Lots of good guys, bad guys, assholes, and really, really bad guys. I don’t do spoilers, but some folks get just what they deserve.
This is the first in a continuing series of “callouts” detailing the onslaught of the ubiquitous surveillance and behavioral influence state. Remember, whether the state seizes industry, or industry seizes the state, the result is still fascism.
- Volvo wants to spy on you while you drive. Two thoughts immediately came to mind: (1) Isn’t Volvo owned by those “social credit” folks, the Chinese? and (2) I find it impossible to utter the phrase hot-rod Volvo without laughing.
- Google tracks users’ phones–even when their location history is turned off. If you want to keep your movements to yourself, you need to do two things: (1) turn location services OFF and (2) don’t keep any of that GoogleSh1t on your phone.
- Heck, I didn’t even realize that email tracking was a thing. How naive of me.
- Facial recognition is coming to an airport near you. With sketchy privacy controls, and a less-than-upfront opt-out policy. Our reporter makes the classic statistical of drilling down on the false positive rate, and ignoring the false negatives.
- Know your surveillance cameras. They’re everywhere.
- How did the police know you were near a crime scene? Google told them What did I just say about that GoogleSh!t?
- Public schools are enabling Google to track kids in school. Glenn Reynolds is right: In the future, we’ll view sending your kids to public school as a form of child abuse.
- Rwanda has proposed the world’s first country-wide DNA database…in an effort to crack down on crime. Really? Rwanda? No way THAT could be abused.
Social media is pretty much a blight on society, a timewasting temptation to reveal way too much information that should be kept private. The rise of cyberbullying and online outrage mobs are symptoms of what I call the Cyber Sturmabteilung, the Internet incarnations of san-coulottes, lynch mobs, Red Guards, Khmer Rouge. The only way to win that game is to not play.
- Chelsea Clinton(!) called out for NZ Muslim massacre
- When Kids Realize Their Whole Life Is Already Online
- Cybersocials get freaked out by The Antisocial
- Google Chrome may be improving incognito browsing. Why do I suspect a catch?

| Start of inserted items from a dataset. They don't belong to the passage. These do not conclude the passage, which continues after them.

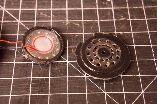 Uso de que cualquier medio es conveniente cortar a este tamaño (apenas más grande que el círculo de montaje de los altavoces); He montado la parrilla en un bloque de madera y utiliza una sierra del agujero, pero cortando con un par de tijeras para chapa trabajaría probablemente casi tan bien. Pegar los altavoces detrás de ellos cuando haya terminado.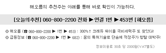 유료ARS 증권정보는 30초당 2000원(VAT별도)의 이용료가 부과됩니다.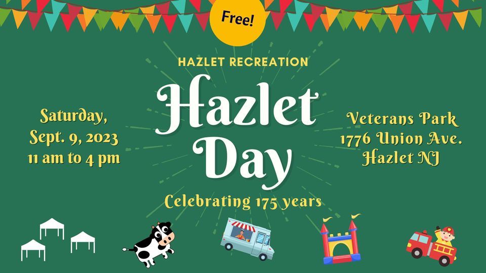 Hazlet Day on Saturday, Sept. 9, 2023, It is our town celebration, a free outdoor family-friendly festival with neighbors. This year we are celebrating our 175th Anniversary! The festival includes bouncy inflatables, a petting zoo, carnival games, face painting and lots of fun kids activities. Come hungry for more than a dozen food trucks selling a variety of fare.
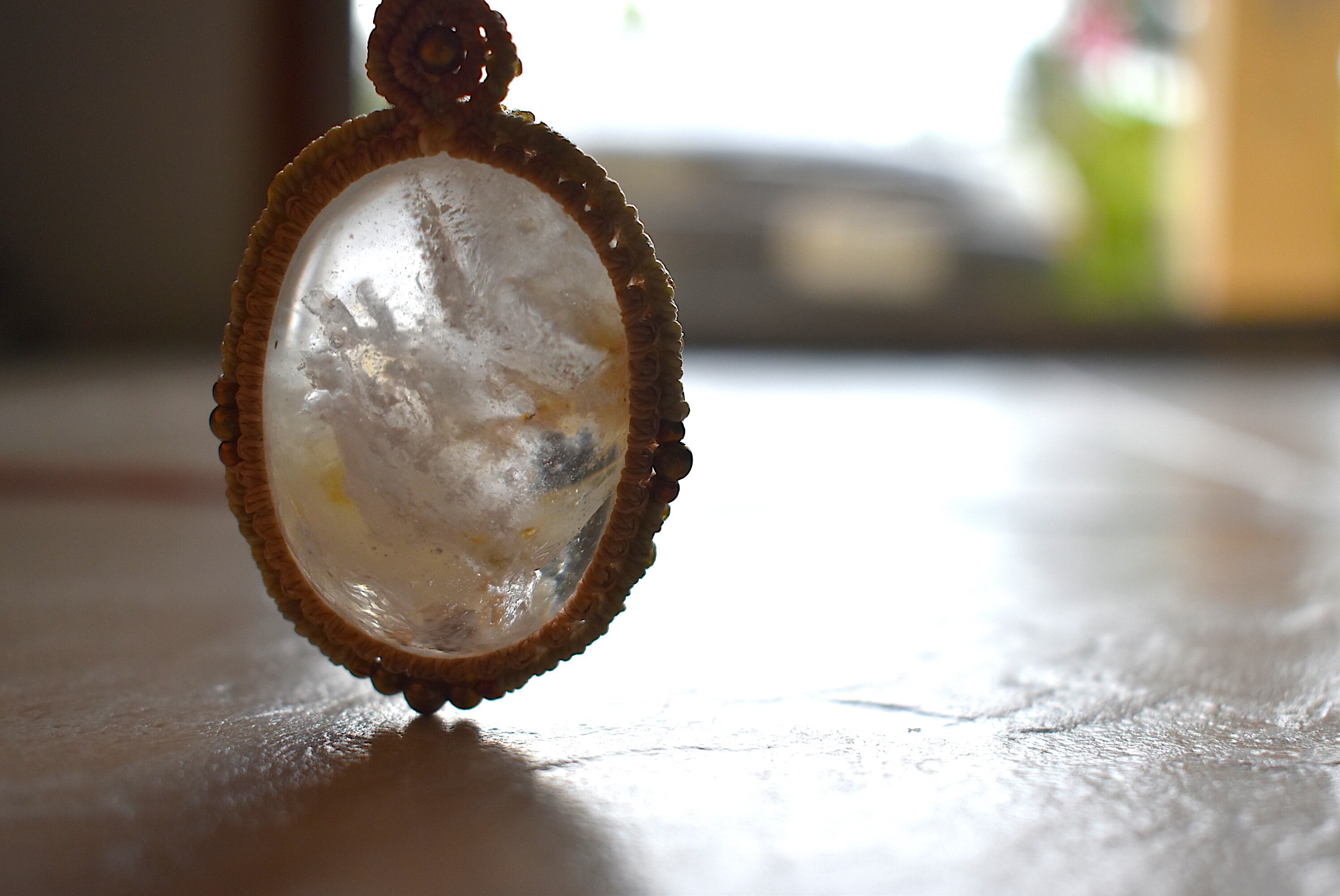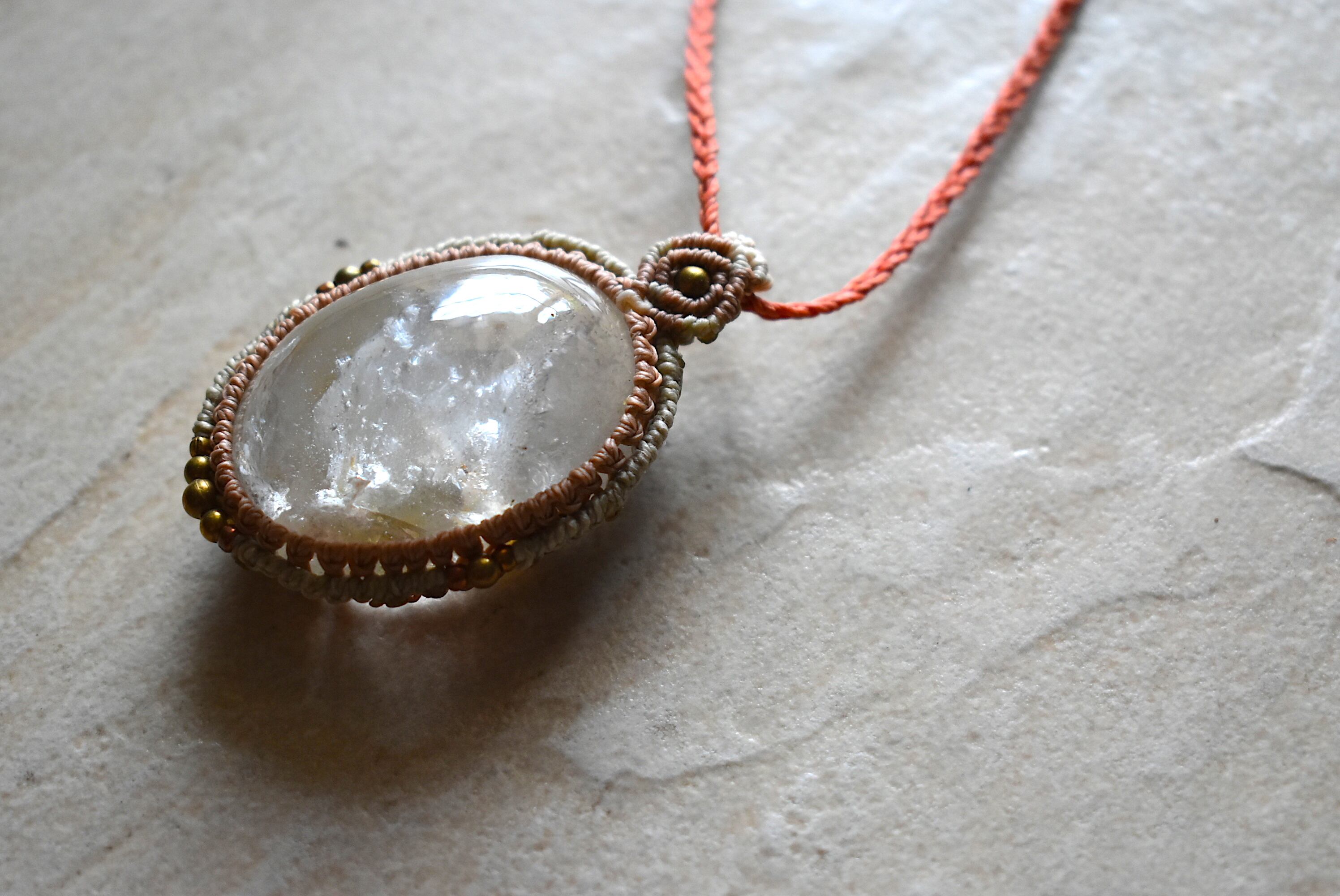 このたびはこの特別なガーデンクォーツ水晶のまわりに真鍮ビーズをあしらい

In a world of doom and gloom, a couple of bright spots appear:
- Indefatigable theatre critic Terry Teachout gives us this delightful bit of wisdom
“You were made for enjoyment, and the world was filled with things which you will enjoy, unless you are too proud to be pleased by them, or too grasping to care for what you cannot turn to other account than mere delight.”John Ruskin, The Stones of Venice
The Surveillance Market is set to invade your local quick-stop, grocer, or ice house.
A new digital door technology from a company called Cooler Screens is now being tested in Walgreens, and it sounds absolutely awful. Rather than a basic, transparent glass door, coolers and freezers will be sealed by screens that show a sanitized image of the products behind them. Supposedly, these screens will:
- Save energy
- Help monitor inventory
- Help customers with poor eyesight
- Make products more visually appealing
That’s all nice enough, and those mild benefits might even be worth replacing a simple glass pane with a complex TV screen. However, further reading ultimately makes those benefits sound like nothing so much as an after-the-fact justification for the real motives behind this technology:
Flashing banner ads float between the digital rows of goods…in addition to the flashy ads and “smart” merchandising, these screens are equipped with sensors and cameras designed to watch and profile the appearance and actions of customers who find themselves in their path, like me. Approximate age and gender. How long my gaze lingers on the bottles of tea.
And they don’t even hide the fact that they’re watching you! Zuboff is right when she says the corporate desire for behavioral data is insatiable.
Maybe it’s just me, but I don’t think having Big Brother determine whether I’m buying milk, soda pop, or a cold beer is any of their business. I won’t patronize Cool Screeners.
Be a dirty shame if someone banged a shopping cart into these screens and disabled them (hey, it happens to smartphones all the time).
Tip from Stephen Green writing at the Instapundit.